### Requirement
Locate the line that contains "The color palette" in the entries below, then repeat it and every following line through the line that contains "KTM 300 EXC", exactly, and no others.

### Material provided
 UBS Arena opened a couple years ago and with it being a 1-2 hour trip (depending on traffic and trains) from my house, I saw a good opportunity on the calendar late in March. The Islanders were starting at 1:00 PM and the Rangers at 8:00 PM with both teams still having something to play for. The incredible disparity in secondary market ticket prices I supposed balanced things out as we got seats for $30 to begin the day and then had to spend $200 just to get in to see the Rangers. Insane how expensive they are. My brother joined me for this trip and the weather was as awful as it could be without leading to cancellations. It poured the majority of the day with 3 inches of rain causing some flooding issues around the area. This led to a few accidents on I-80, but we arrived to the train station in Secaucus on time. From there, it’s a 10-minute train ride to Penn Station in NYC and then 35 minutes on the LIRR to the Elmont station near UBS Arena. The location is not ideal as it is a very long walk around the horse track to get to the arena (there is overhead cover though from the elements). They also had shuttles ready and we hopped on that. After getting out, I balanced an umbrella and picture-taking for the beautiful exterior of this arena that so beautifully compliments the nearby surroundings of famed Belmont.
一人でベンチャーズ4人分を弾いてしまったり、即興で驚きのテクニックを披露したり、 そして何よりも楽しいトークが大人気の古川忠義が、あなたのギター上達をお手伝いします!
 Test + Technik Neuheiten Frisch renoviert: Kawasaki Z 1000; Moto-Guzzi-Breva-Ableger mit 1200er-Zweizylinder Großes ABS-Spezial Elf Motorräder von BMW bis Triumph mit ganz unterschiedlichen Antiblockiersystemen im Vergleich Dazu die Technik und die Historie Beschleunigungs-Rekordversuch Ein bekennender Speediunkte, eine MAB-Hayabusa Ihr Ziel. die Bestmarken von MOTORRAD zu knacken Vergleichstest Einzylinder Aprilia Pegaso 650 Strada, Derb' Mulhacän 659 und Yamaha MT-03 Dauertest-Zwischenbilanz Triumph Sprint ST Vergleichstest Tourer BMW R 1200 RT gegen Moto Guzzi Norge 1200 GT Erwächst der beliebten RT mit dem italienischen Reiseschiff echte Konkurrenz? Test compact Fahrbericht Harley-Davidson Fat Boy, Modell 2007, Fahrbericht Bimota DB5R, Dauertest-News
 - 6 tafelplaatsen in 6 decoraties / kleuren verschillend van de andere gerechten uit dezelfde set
--
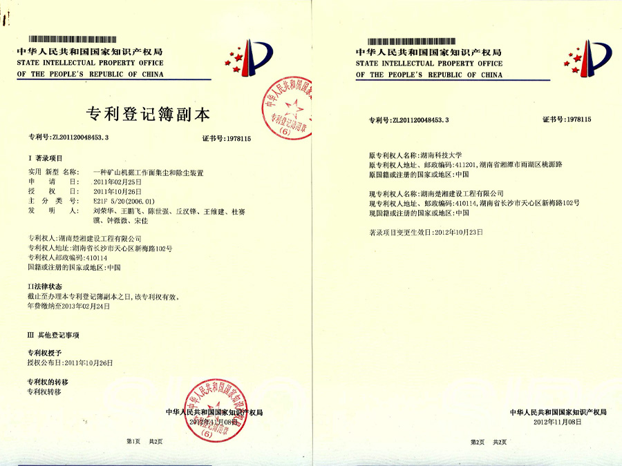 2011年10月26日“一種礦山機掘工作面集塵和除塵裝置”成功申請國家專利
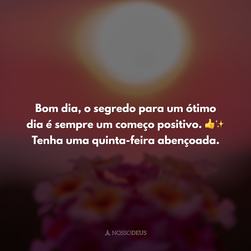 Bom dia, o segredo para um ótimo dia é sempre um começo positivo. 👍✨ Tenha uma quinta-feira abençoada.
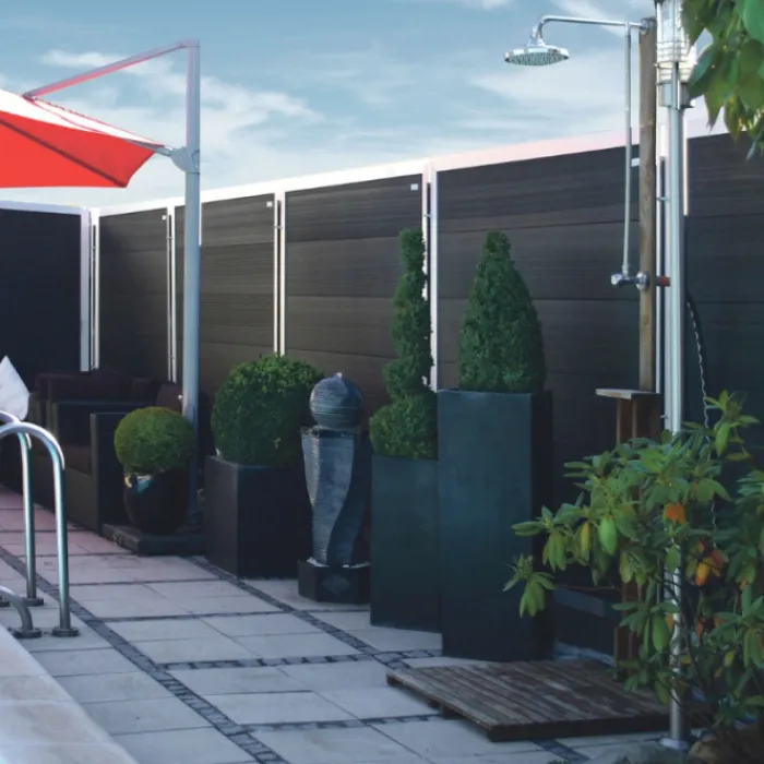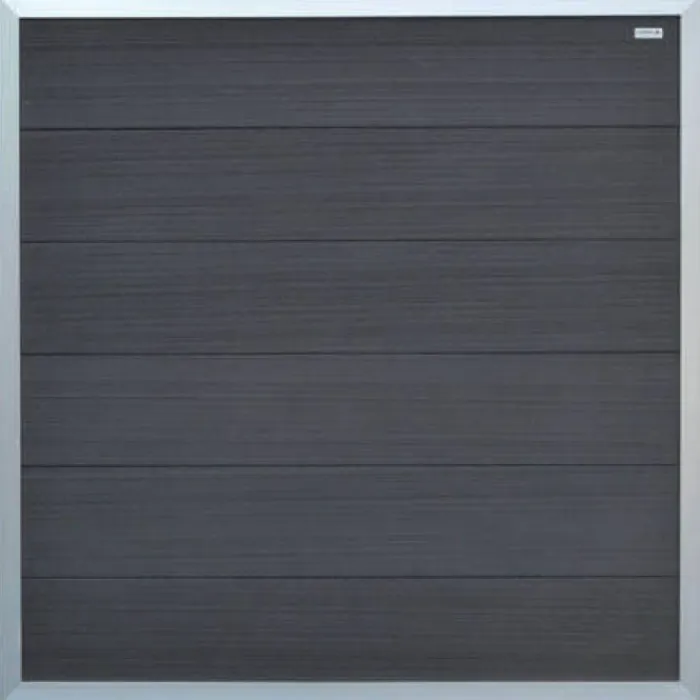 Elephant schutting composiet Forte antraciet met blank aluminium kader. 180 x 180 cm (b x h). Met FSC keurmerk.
* * *
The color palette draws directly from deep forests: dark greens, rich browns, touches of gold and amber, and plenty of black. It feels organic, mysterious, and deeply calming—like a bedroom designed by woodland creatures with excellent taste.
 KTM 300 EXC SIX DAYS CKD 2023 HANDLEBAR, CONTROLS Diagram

### Solution to this problem
The color palette draws directly from deep forests: dark greens, rich browns, touches of gold and amber, and plenty of black. It feels organic, mysterious, and deeply calming—like a bedroom designed by woodland creatures with excellent taste.
 KTM 300 EXC SIX DAYS CKD 2023 HANDLEBAR, CONTROLS Diagram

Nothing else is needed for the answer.